» **The data**:
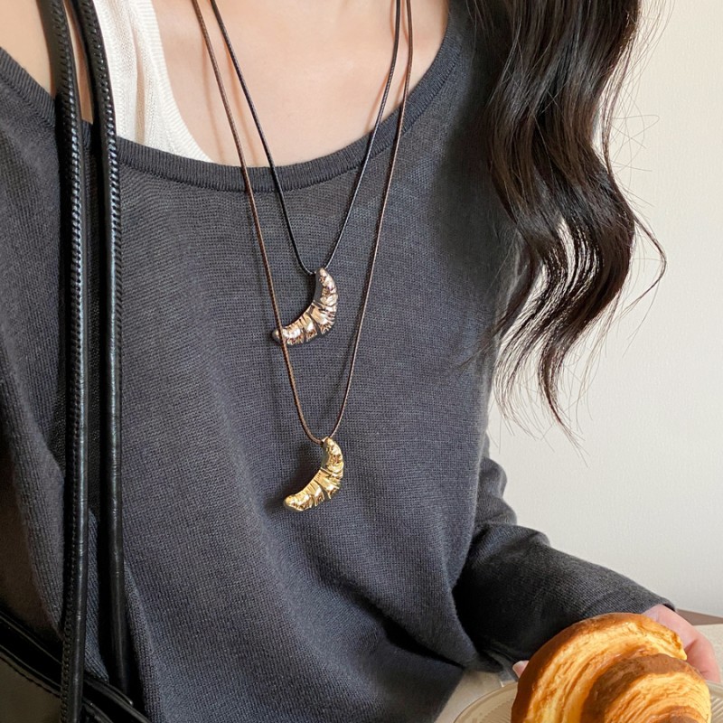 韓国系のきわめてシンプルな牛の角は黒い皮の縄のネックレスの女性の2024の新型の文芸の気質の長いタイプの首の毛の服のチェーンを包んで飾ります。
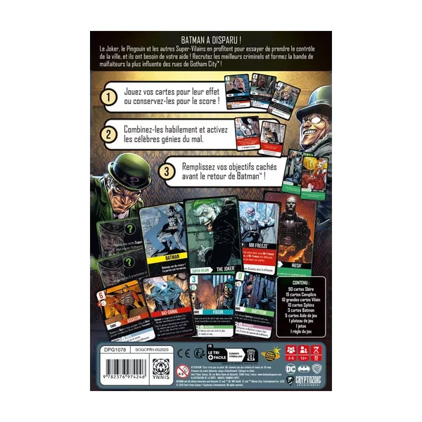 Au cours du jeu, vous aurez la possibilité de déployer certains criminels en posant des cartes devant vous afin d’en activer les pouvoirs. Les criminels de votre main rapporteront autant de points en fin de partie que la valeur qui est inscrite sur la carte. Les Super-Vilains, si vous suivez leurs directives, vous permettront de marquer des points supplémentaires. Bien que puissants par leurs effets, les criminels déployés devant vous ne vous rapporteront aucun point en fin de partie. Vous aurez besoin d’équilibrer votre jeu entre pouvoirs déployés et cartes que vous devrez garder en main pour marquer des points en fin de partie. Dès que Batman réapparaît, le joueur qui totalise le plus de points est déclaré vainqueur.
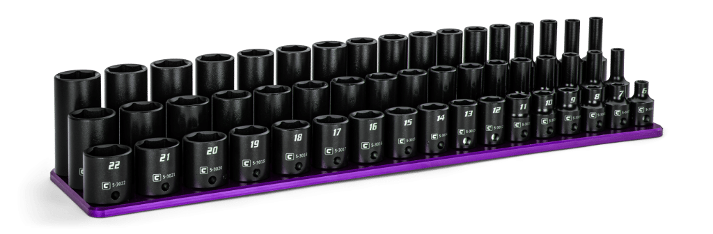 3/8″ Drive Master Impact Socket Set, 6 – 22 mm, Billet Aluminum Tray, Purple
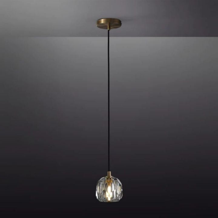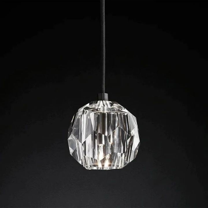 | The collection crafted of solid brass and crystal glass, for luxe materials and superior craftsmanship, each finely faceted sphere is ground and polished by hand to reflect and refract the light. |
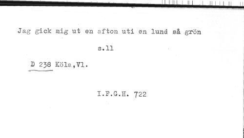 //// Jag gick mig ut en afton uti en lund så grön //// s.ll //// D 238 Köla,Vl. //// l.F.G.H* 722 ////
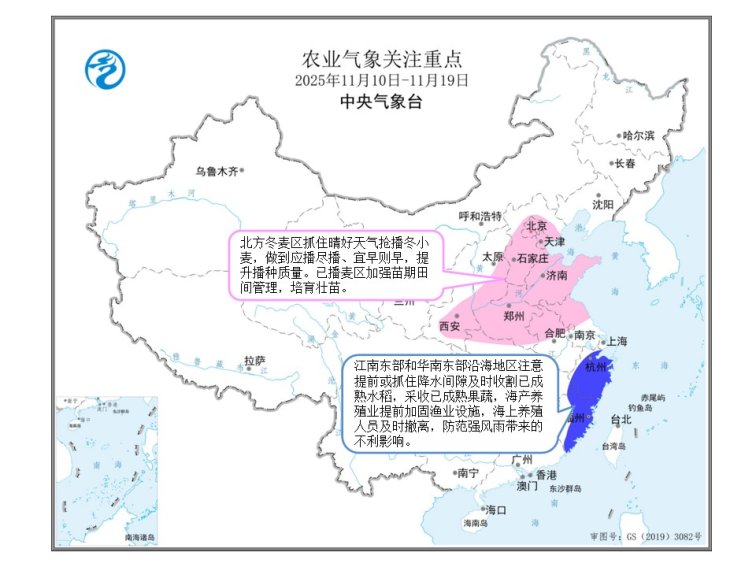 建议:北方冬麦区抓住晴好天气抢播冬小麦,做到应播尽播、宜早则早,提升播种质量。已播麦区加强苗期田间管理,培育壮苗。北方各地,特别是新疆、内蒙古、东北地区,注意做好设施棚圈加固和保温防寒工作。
--
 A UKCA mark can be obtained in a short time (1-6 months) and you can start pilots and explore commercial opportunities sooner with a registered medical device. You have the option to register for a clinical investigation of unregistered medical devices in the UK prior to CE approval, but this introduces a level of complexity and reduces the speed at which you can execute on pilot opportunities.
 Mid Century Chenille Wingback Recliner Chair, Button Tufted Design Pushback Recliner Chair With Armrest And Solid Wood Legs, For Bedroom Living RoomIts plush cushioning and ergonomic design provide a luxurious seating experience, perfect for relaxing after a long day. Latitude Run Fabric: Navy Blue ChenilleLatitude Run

» **Required action**: Start with the line with "韓国系のきわめてシンプルな牛" in the listing above and stop after the line with "建议:北方冬麦区抓住晴好天气". Write out exactly the lines in that stretch and no others, without pictures.

» **Response area**:
 韓国系のきわめてシンプルな牛の角は黒い皮の縄のネックレスの女性の2024の新型の文芸の気質の長いタイプの首の毛の服のチェーンを包んで飾ります。
 Au cours du jeu, vous aurez la possibilité de déployer certains criminels en posant des cartes devant vous afin d’en activer les pouvoirs. Les criminels de votre main rapporteront autant de points en fin de partie que la valeur qui est inscrite sur la carte. Les Super-Vilains, si vous suivez leurs directives, vous permettront de marquer des points supplémentaires. Bien que puissants par leurs effets, les criminels déployés devant vous ne vous rapporteront aucun point en fin de partie. Vous aurez besoin d’équilibrer votre jeu entre pouvoirs déployés et cartes que vous devrez garder en main pour marquer des points en fin de partie. Dès que Batman réapparaît, le joueur qui totalise le plus de points est déclaré vainqueur.
 3/8″ Drive Master Impact Socket Set, 6 – 22 mm, Billet Aluminum Tray, Purple
 | The collection crafted of solid brass and crystal glass, for luxe materials and superior craftsmanship, each finely faceted sphere is ground and polished by hand to reflect and refract the light. |
 //// Jag gick mig ut en afton uti en lund så grön //// s.ll //// D 238 Köla,Vl. //// l.F.G.H* 722 ////
 建议:北方冬麦区抓住晴好天气抢播冬小麦,做到应播尽播、宜早则早,提升播种质量。已播麦区加强苗期田间管理,培育壮苗。北方各地,特别是新疆、内蒙古、东北地区,注意做好设施棚圈加固和保温防寒工作。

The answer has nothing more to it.